Она быстро отослала детей спать. А сама поднялась на второй этаж.

Это было, наверное, самое мерзкое – он заставлял ее приходить к нему, и она подчинялась. Снимала одежду, чтобы он ее не разорвал.

Одеваясь, она отметила, как болят руки. Подошла к окну. Вдали расстилались выжженные фугасами поля; искореженные деревья, некоторые еще дымились; руины домов с сиротливо торчащими трубами. Конец света. Аэродром разнесли вдребезги – кучи щебня, остовы самолетов и грузовиков. С тех пор как генерал де Голль принял командование вооруженными силами Свободной Франции, а союзники высадились в Нормандии, Европу бомбили практически непрерывно.

Жив ли еще Антуан? Может, он тоже сейчас выглядывает в окно барака и смотрит на луну, которая когда-то освещала их общий дом? И Изабель. Ее увезли всего два месяца назад, а кажется, что утекла целая жизнь. Вианна постоянно думала о ней, но с этим ничего не поделаешь – только терпеть.

Внизу она зажгла свечу. Электричества уже давно не было. В ванной комнате пристроила свечу у раковины и посмотрела на свое отражение в маленьком овальном зеркале. Даже в тусклом свете свечи она выглядела неважно. Когда-то роскошные золотистые волосы потускнели, свисали вдоль лица неопрятными сосульками. За годы лишений нос словно бы удлинился, скулы заострились. На виске синяк. Скоро нальется цветом. Даже не глядя, она знала, что на плечах останутся следы от пальцев и на левой груди тоже будет кровоподтек.

Он делался все злее. Союзники высадились на юге Франции и постепенно продвигались вглубь страны. Немцы отступали, и фон Рихтер вознамерился отыграться на ней.

Вианна разделась, вымылась чуть теплой водой. Терла и терла себя мочалкой, пока кожа не покраснела, но все равно не чувствовала себя чистой. Она теперь никогда не чувствовала себя чистой.

Надев ночную рубашку, Вианна набросила сверху халат и вышла из ванной со свечой в руках.

Софи ждала ее в гостиной. Она сидела на последнем уцелевшем предмете мебели – диване, притянув колени к подбородку. Остальную мебель реквизировали или сожгли.

– Почему не спишь?

– Я могла бы задать тебе тот же вопрос, но не стоит?

Вианна потуже затянула пояс халата.

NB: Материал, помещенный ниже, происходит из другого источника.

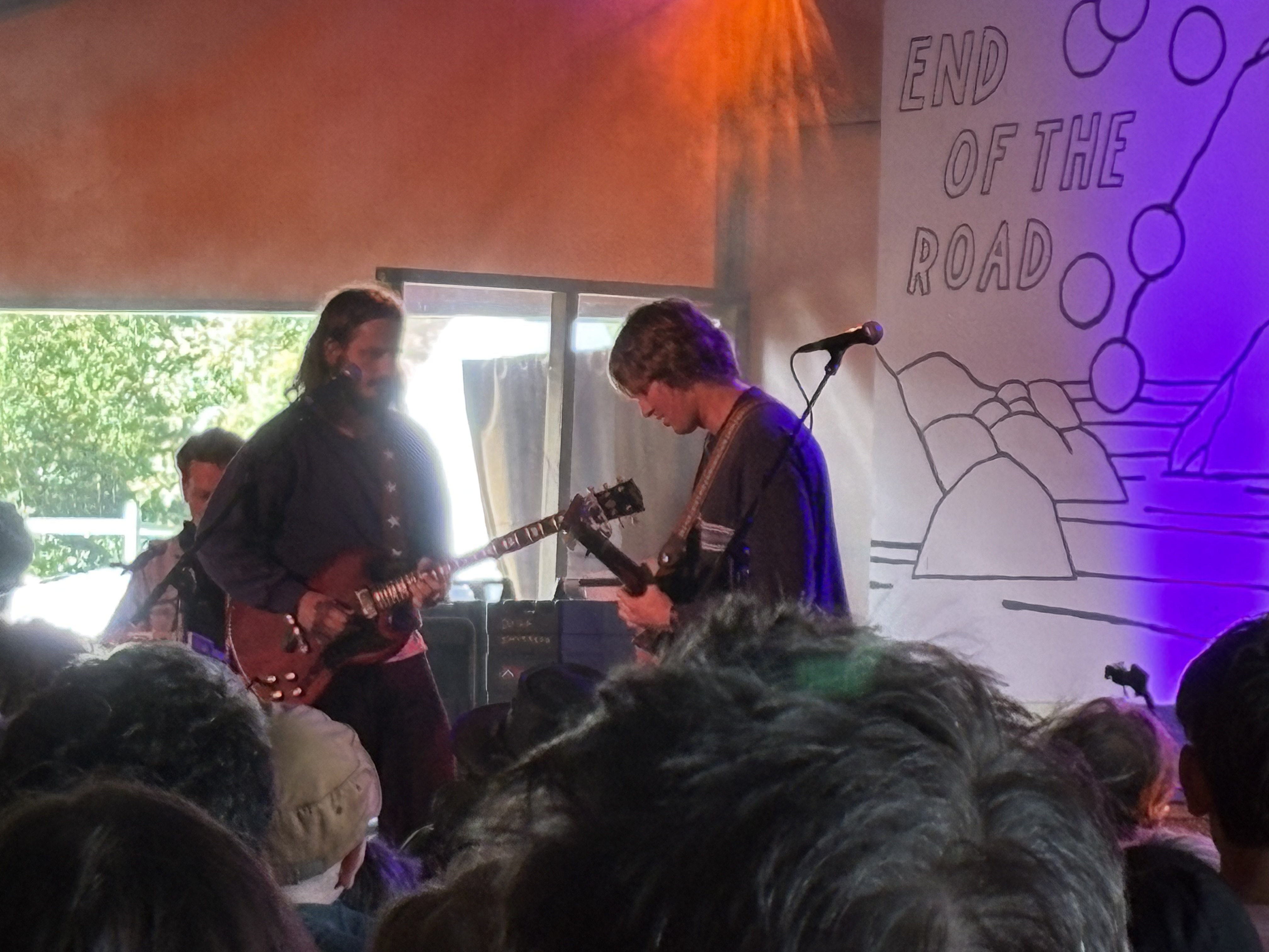Buoyed by Jake Xerxes Fussell, we went back to the Woods Stage for Ryan Davis and the Roundhouse Band. With a name like that it could only be Americana. The band came recommended by Simon Taffe, founder, director and curator of EOTR in that Line of Best Fit article. We had to give it a go. Thought it might be for 10-15 minutes until Slow Fiction started in the Folly, but it was so good we stayed for the whole show. Rumbling American epics, which you’ve heard before, but rarely done this well. Ryan Davis wasn’t just a good singer (and guitarist) but brought a bit of story-telling to the songs, which started to remind me of early Bruce Springsteen. Inevitably I heard a bit of War on Drugs too, though a closer resemblance musically would be to the Aussie band Rolling Blackouts Coastal Fever. Americana at its best – thanks for that one Simon!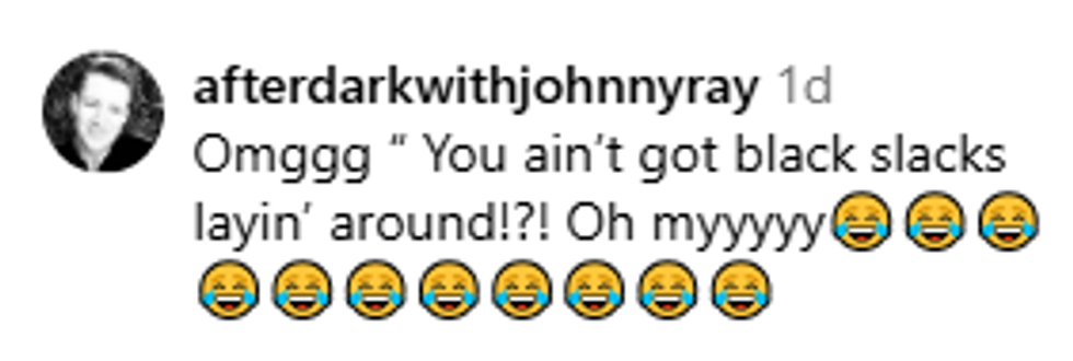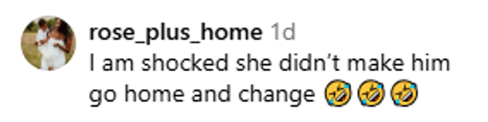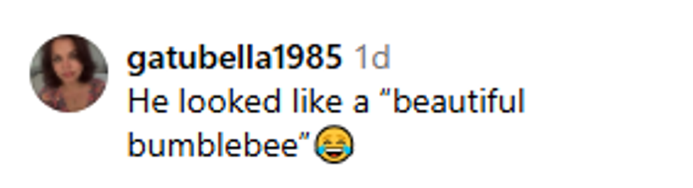 "He just looked like a beautiful bumblebee, but not for... You're my officiant! You don't got black slacks laying around?"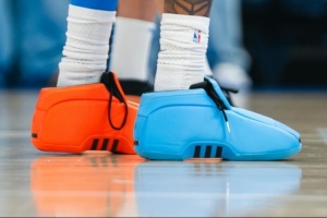 今天缺席比賽的杰倫·威廉姆斯在賽前也進(jìn)行了常規(guī)訓(xùn)練。而他上腳了一雙Adidas Crazy 2 “OKC” PE。球鞋采用了雷霆球衣配色的藍(lán)橙鴛鴦配色。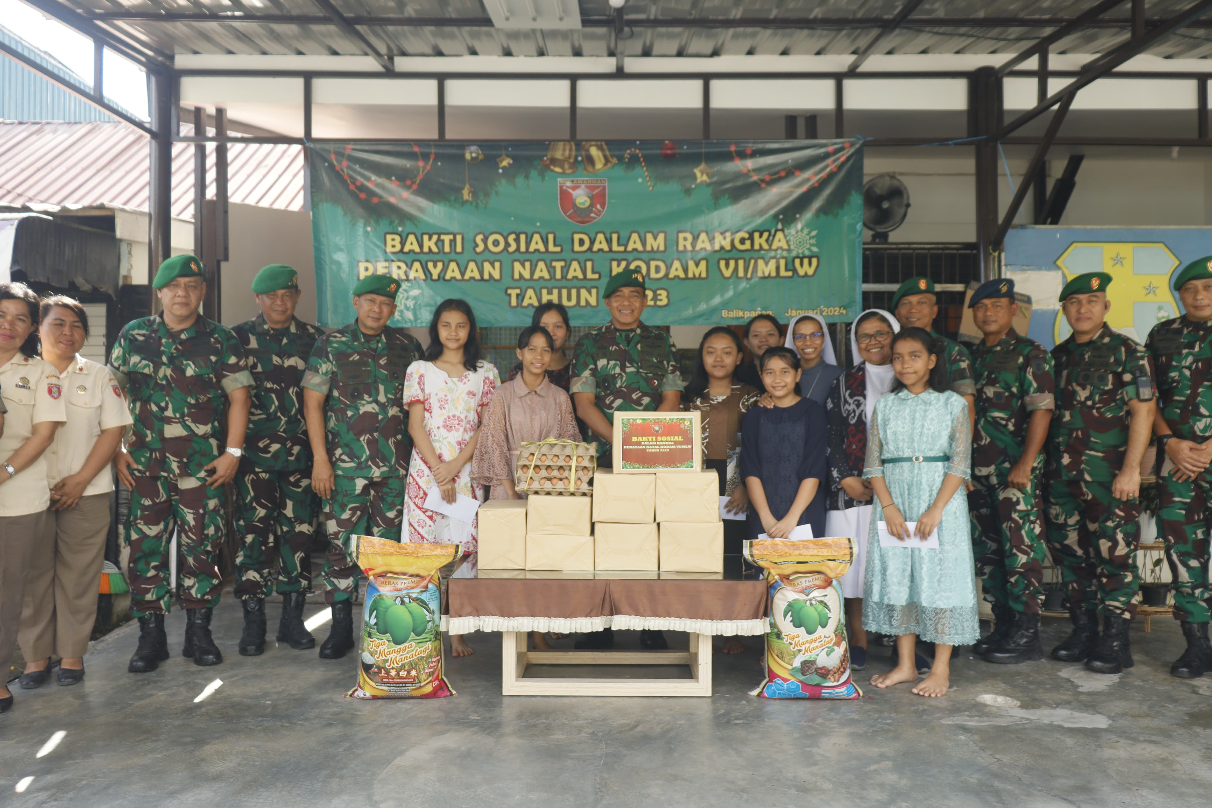Pangdam VI/Mlw Mayjen TNI Tri Budi Utumo yang turut ikut dalam pelaksanaan Bhakti Sosial Perayaan Natal Tahun 2023 Kodam VI/Mlw dengan membagikan bantuan tali asih terhadap anak-anak salah satu Panti Asuhan Katolik Tabita Putri yang berlokasi di Balikpapan Kota. Selain memberikan Tali Asih, Pangdam VI/Mlw juga memberikan bantuan bingkisan natal serta sembako kepada Panti Asuhan.
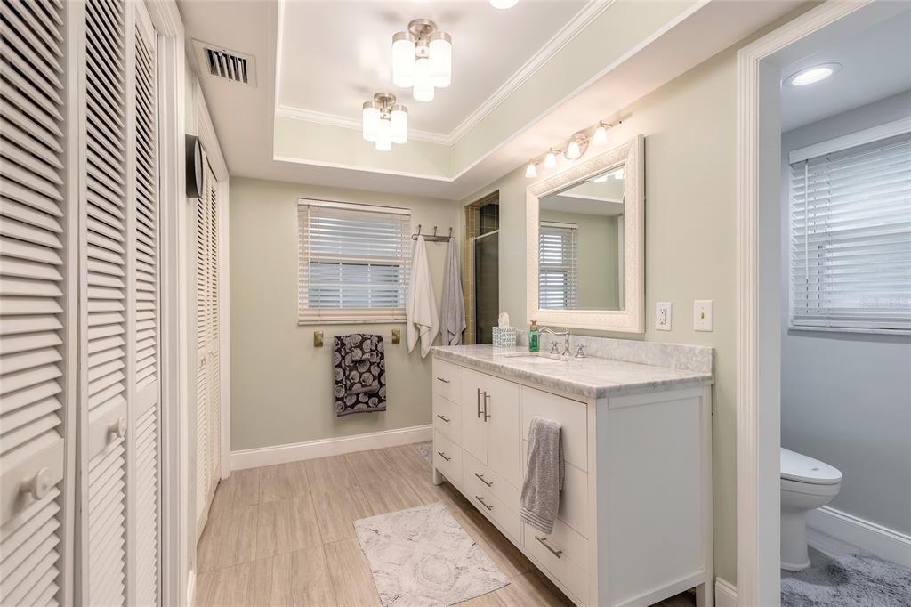 Ceiling Fan(s), Crown Molding, Primary Bedroom Main Floor, Split Bedroom, Stone Counters, Thermostat, Tray Ceiling(s), Walk-In Closet(s), Window Treatments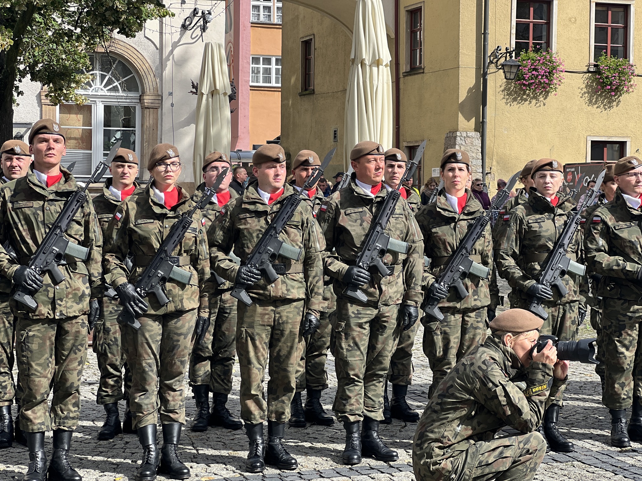 Maksyma terytorialsów „Zawsze gotowi, zawsze blisko” zabrzmiała dzisiaj (18 września) na placu Ratuszowym w Jeleniej Górze. Stu żołnierzy WOT ślubowało w strugach deszczu. Najlepsi odebrali listy gratulacyjne od Artura Barańskiego, dowódcy 16. Dolnośląskiej Brygady Obrony Terytorialnej. Dla jeleniogórzan to była ważna uroczystość. Wielu z nich przypomniało sobie czasy, gdy wojsko było na stałe obecne w mieście. Usłyszeli ważną deklarację: wojsko wraca do Jeleniej Góry!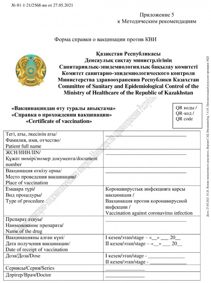 Справка выдана Комитетом санэпидконтроля Минздрава. В ней прописаны: фамилия, имя, отчество, ИИН, место проведения вакцинации, вид процедуры, наименование препарата, даты получения вакцины, дозировка. Данные в документе приводятся на трех языках: казахском, русском и английском.

Нервная привычка чем-то занимать руки.

– Пойдем в постель.

Софи взглянула на мать. Ей почти четырнадцать, и лицо начало взрослеть. Темные глаза на фоне бледной кожи казались почти черными, ресницы густые и длинные. Волосы поредели от плохого питания, но все равно курчавились. Софи стиснула пухлые губки.

– Серьезно, мама? Долго еще мы будем притворяться?

Тоска и гнев в глазах дочери разбивали ей сердце. Невозможно ничего скрыть от ребенка, детство которого закончилось с войной.

Что могла хорошая мать сказать почти взрослой дочери о мерзостях мира? Как тут быть честной? И могла ли Вианна надеяться, что дочь будет судить ее не так жестоко, как она сама судила себя?

Вианна села рядом с Софи. Припомнила их прежнюю жизнь – смех, поцелуи, семейные ужины, рождественское утро, молочные зубы, первые слова.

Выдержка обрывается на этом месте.